The researchers built a statistical model that estimates a firm’s risk exposure relative to significant, economy-wide fluctuations.
“The model does extremely well at predicting average stock returns and constructing well-diversified portfolios,” Pruitt said.
Investors traditionally compare firms’ historical returns to the market’s to understand their relationship and adjust portfolios accordingly. The issue with this 40-year-old process is that firms’ characteristics continuously evolve, as do their relationships to changing market factors.
“This makes the estimation problematic,” Pruitt said. “Firms evolve. They get bigger, or they get smaller; they take on more debt or less debt; they undertake more investment or less investment.”
These observable characteristics tell us about firms’ relationship to market risks, and how firms’ potential for loss changes over time and varies across the cross-section.
“The new statistical model enhances our understanding of investment strategies, and why different stocks earn different average returns,” he said. “We obtain real-time estimates of the aggregate risks that give rise to these returns.”
The optimized statistical model also allows investors to apply estimates from observed firms to new publicly traded companies that have similar characteristics, before they have a history of returns, and use the data to forecast IPO returns.
Pruitt’s research focuses on asset pricing, and his graduate school background and training guides the statistical methods he developed in the paper.

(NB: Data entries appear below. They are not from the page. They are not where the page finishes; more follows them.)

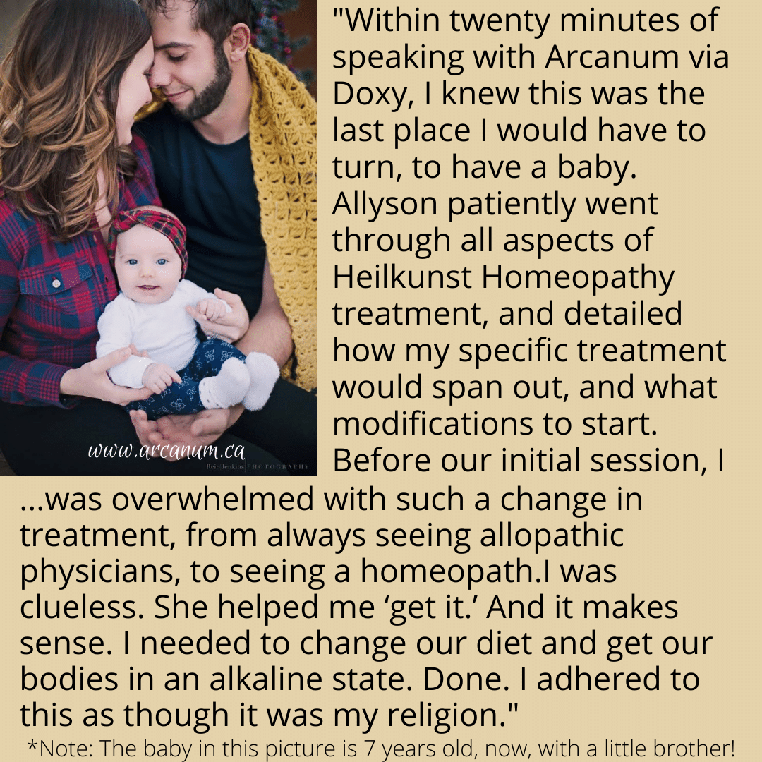 This month, we’re focusing on natural fertility. We wrote a whole book about it and we give it away for FREE here: www.naturalfertilitybook.com. Arcanum also has a new Heilkunst Practitioner, Danielle Petersen, who specializes in natural fertility for couples, as well as wholistic birth support, and women’s health in general. She’s taking new clients at present.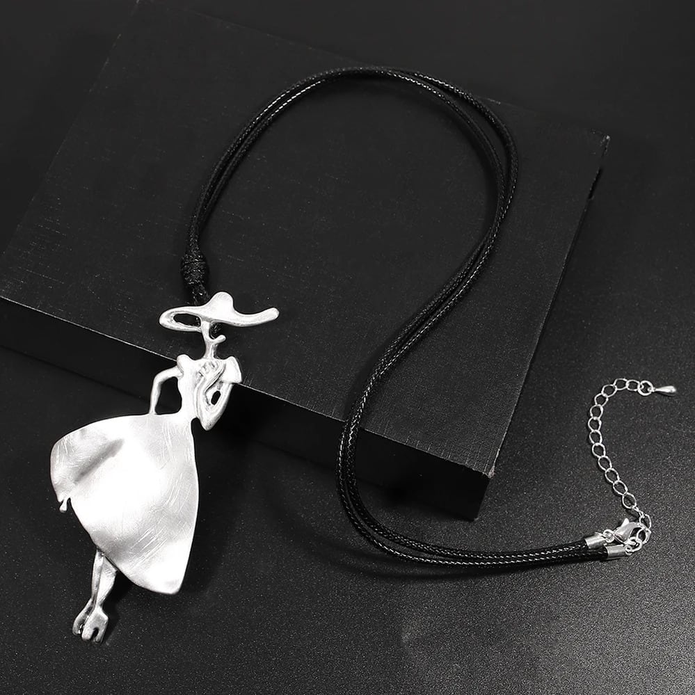 ビンテージ BOHO ロング レザー ネックレス エレガント マット メタル レディース ペンダント セーター チェーン 秋 冬 ウィンター ジュエリー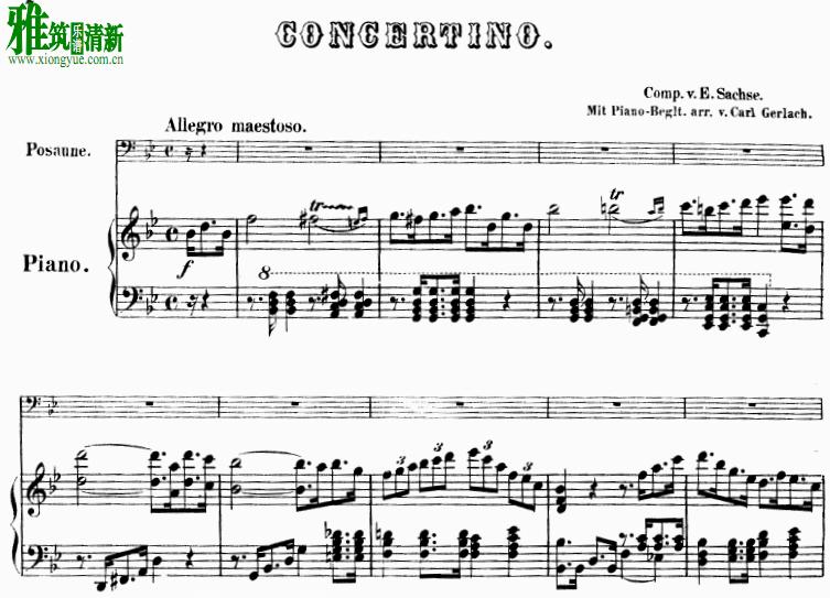 叶-萨斯 降B大调长号协奏曲 长号钢琴伴奏谱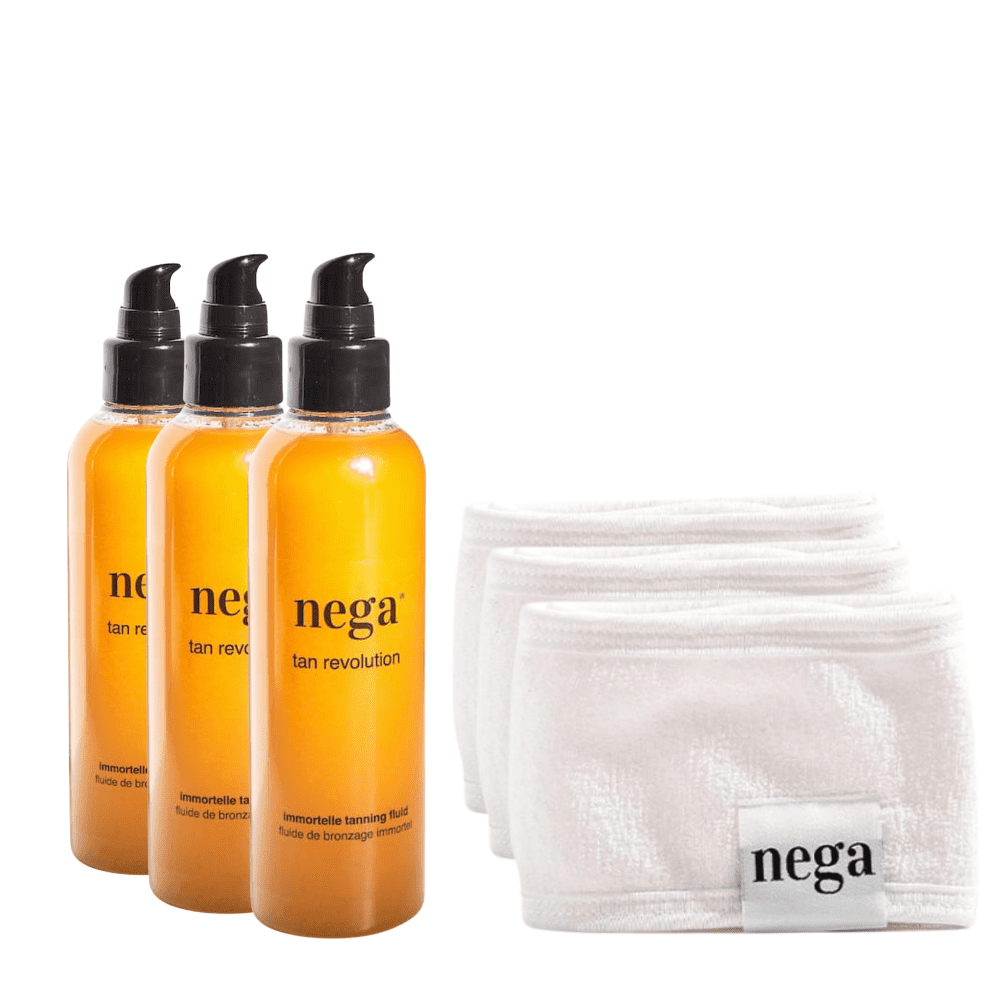 Nega Cosmetics Komplet 3xTan revolution, 100% naravni fluid za hitrejšo naravno porjavitev in 3xtrak za zaščito las, vegansko olje za sončenje, krema za sončenje, gladka koža, prijeten vonj, 3x150 ml, NegatanPaket

“I’ve wanted to develop new techniques that address common questions in asset pricing. This project was an outgrowth of that, and a result of looking at the academic literature and what firms do in practice,” he said. “There’s room for improvement on what firms often do in practice to understand stock returns and risk adjust their performance. I think this tool can provide that.”
BYU’s Red Rock Finance Conference, which took place in September, is in its eighth year. The conference committee honors one “Best Paper” winner at the annual event. The paper was discussed by Nobel Laureate Lars Peter Hansen of the University of Chicago, who had a positive outlook on both the paper and the authors’ research agenda.
“This is an organized, disciplined way of using big data,” Pruitt said. “The main ways I see big data used and talked about are rather sophisticated statistical techniques, lumped into artificial intelligence, machine learning and other complicated algorithms. Our model is a simple, powerful way of using big data, while imposing a little economic theory in the process.”